> **Problem requirements**
From the first line to the last, retype everything below exactly, minus the pictures.

╭─ Material supplied

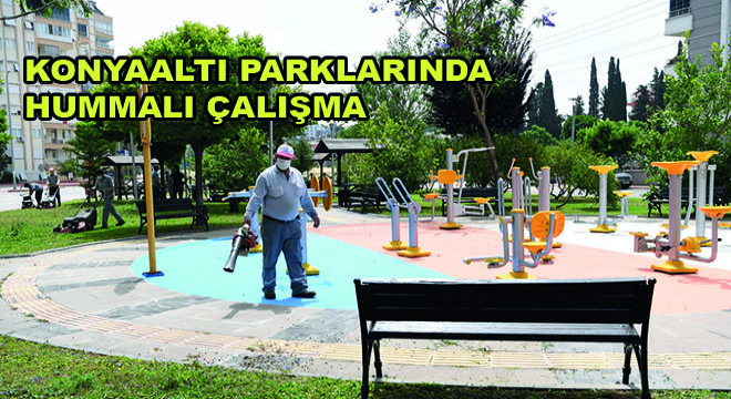 İçişleri Bakanlığı’nın genelgesiyle korona virüs tedbirleri kapsamında Mart ayı sonunda park ve bahçeler, yeşil alanlarda oturma grupları vatandaşların kullanımına kapatıldı. Tedbirlerin gevşetilmesi, 65 yaş üstündekiler ve 18 yaş altı çocuklara sokağa çıkma yasağının sona ermesinin ardından Konyaaltı Belediyesi Park ve Bahçeler Müdürlüğü, yeşil alanlarda çalışmalarını hızlandırdı. İlçe sınırlarındaki bütün parklarda hummalı bir temizlik çalışması başlatıldı. Ekipler, uzayan çimleri biçerek, çocuk oyun grupları ve oturma alanlarını temizledi. Park alanları düzenli olarak dezenfekte edilecek.
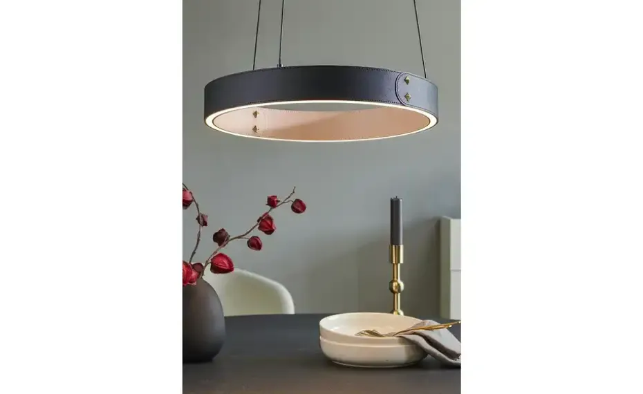 KHG LED-Pendelleuchte, Kunstleder schwarz/goldfarben
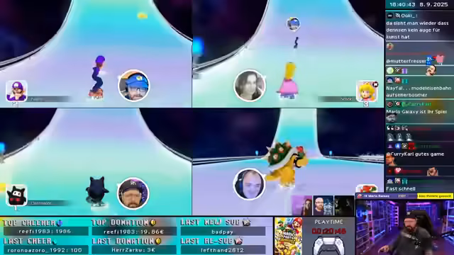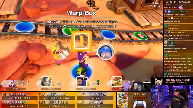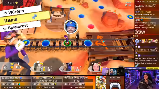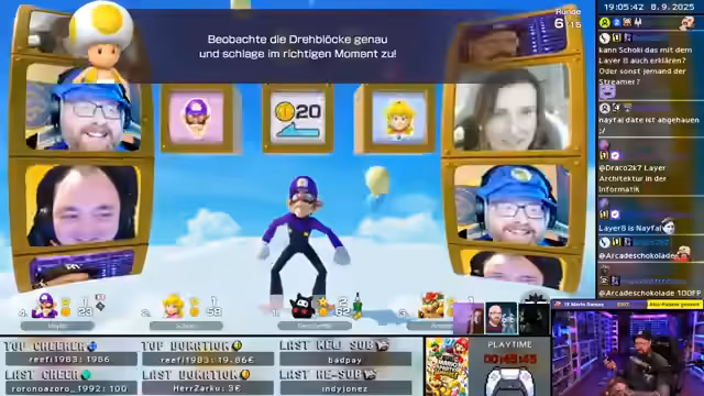 03:20:14Zum Ende der Runde kommt es zum Bowser-Event, bei dem Sterne umverteilt werden. Ein Spieler gibt einen Stern an einen anderen weiter, was als Frechheit empfunden wird. Der Streamer, der zuvor einen Stern verloren hat, gibt nun einen Stern an Navefall, was zu einem ironischen 'Frech, unverstehend' im Chat führt. Die Runde endet mit einem Gesamtsieg des Streamers, der jedoch keinen echten Spaß am Sieg hatte.
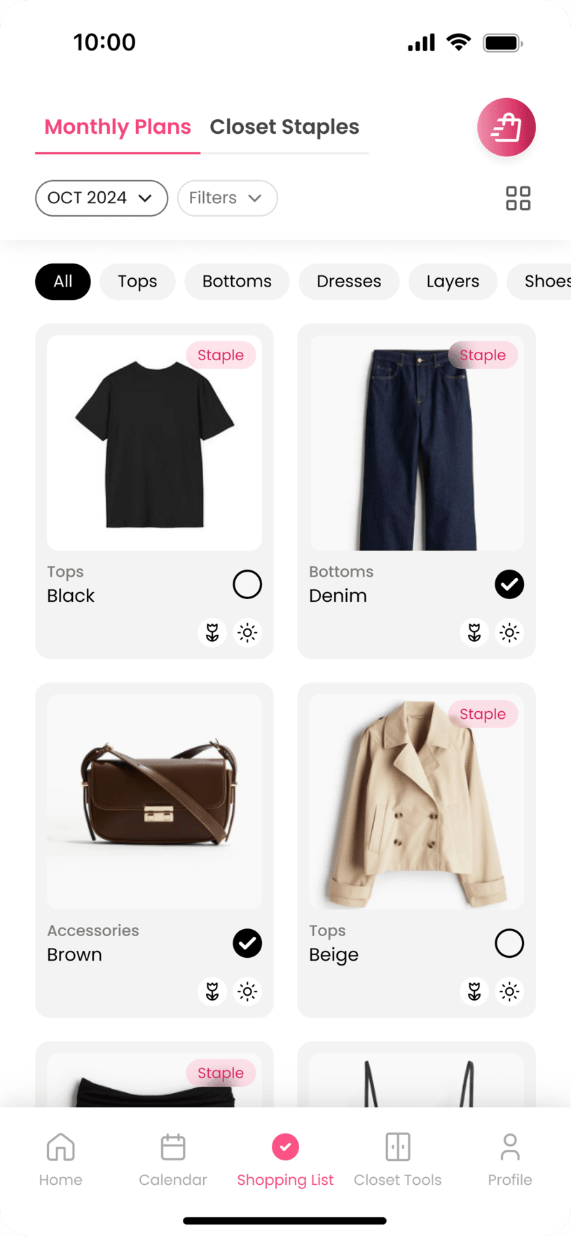 The shopping experience feels like a natural extension of the wardrobe planning process rather than advertising. The marketplace allows users to browse partner stores within the app, click through to external stores via referral links (no in-app purchases), and shop only when it genuinely makes sense for them. This feature creates a significant revenue stream through affiliate commissions on referred purchases.
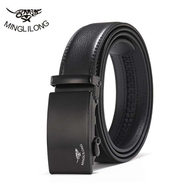 minglilong cool brand automatic buckle belts genuine leather belt for men fashion black men's belts split cow leather, Black;brown
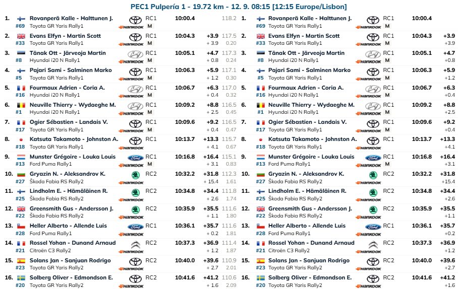 Ott Tänak e Martin Järveoja (Hyundai i20 N Rally1) terminaram em terceiro lugar, a 4.7 segundos do líder, com o piloto estónio a manifestar queixas sobre a instabilidade do seu carro. Por sua vez, Sami Pajari e Marko Salminen (Toyota GR Yaris Rally1) registaram um bom começo, alcançando o quarto tempo a 5.9 segundos da frente. Pajari admitiu que “não foi a minha melhor condução; de alguma forma, parece sempre super complicado nesta fase. Muita coisa muda, em alguns locais sente-se uma aderência muito boa e depois já não se sente o mesmo.”

╰─

> **Reply**
 İçişleri Bakanlığı’nın genelgesiyle korona virüs tedbirleri kapsamında Mart ayı sonunda park ve bahçeler, yeşil alanlarda oturma grupları vatandaşların kullanımına kapatıldı. Tedbirlerin gevşetilmesi, 65 yaş üstündekiler ve 18 yaş altı çocuklara sokağa çıkma yasağının sona ermesinin ardından Konyaaltı Belediyesi Park ve Bahçeler Müdürlüğü, yeşil alanlarda çalışmalarını hızlandırdı. İlçe sınırlarındaki bütün parklarda hummalı bir temizlik çalışması başlatıldı. Ekipler, uzayan çimleri biçerek, çocuk oyun grupları ve oturma alanlarını temizledi. Park alanları düzenli olarak dezenfekte edilecek.
 KHG LED-Pendelleuchte, Kunstleder schwarz/goldfarben
 03:20:14Zum Ende der Runde kommt es zum Bowser-Event, bei dem Sterne umverteilt werden. Ein Spieler gibt einen Stern an einen anderen weiter, was als Frechheit empfunden wird. Der Streamer, der zuvor einen Stern verloren hat, gibt nun einen Stern an Navefall, was zu einem ironischen 'Frech, unverstehend' im Chat führt. Die Runde endet mit einem Gesamtsieg des Streamers, der jedoch keinen echten Spaß am Sieg hatte.
 The shopping experience feels like a natural extension of the wardrobe planning process rather than advertising. The marketplace allows users to browse partner stores within the app, click through to external stores via referral links (no in-app purchases), and shop only when it genuinely makes sense for them. This feature creates a significant revenue stream through affiliate commissions on referred purchases.
 minglilong cool brand automatic buckle belts genuine leather belt for men fashion black men's belts split cow leather, Black;brown
 Ott Tänak e Martin Järveoja (Hyundai i20 N Rally1) terminaram em terceiro lugar, a 4.7 segundos do líder, com o piloto estónio a manifestar queixas sobre a instabilidade do seu carro. Por sua vez, Sami Pajari e Marko Salminen (Toyota GR Yaris Rally1) registaram um bom começo, alcançando o quarto tempo a 5.9 segundos da frente. Pajari admitiu que “não foi a minha melhor condução; de alguma forma, parece sempre super complicado nesta fase. Muita coisa muda, em alguns locais sente-se uma aderência muito boa e depois já não se sente o mesmo.”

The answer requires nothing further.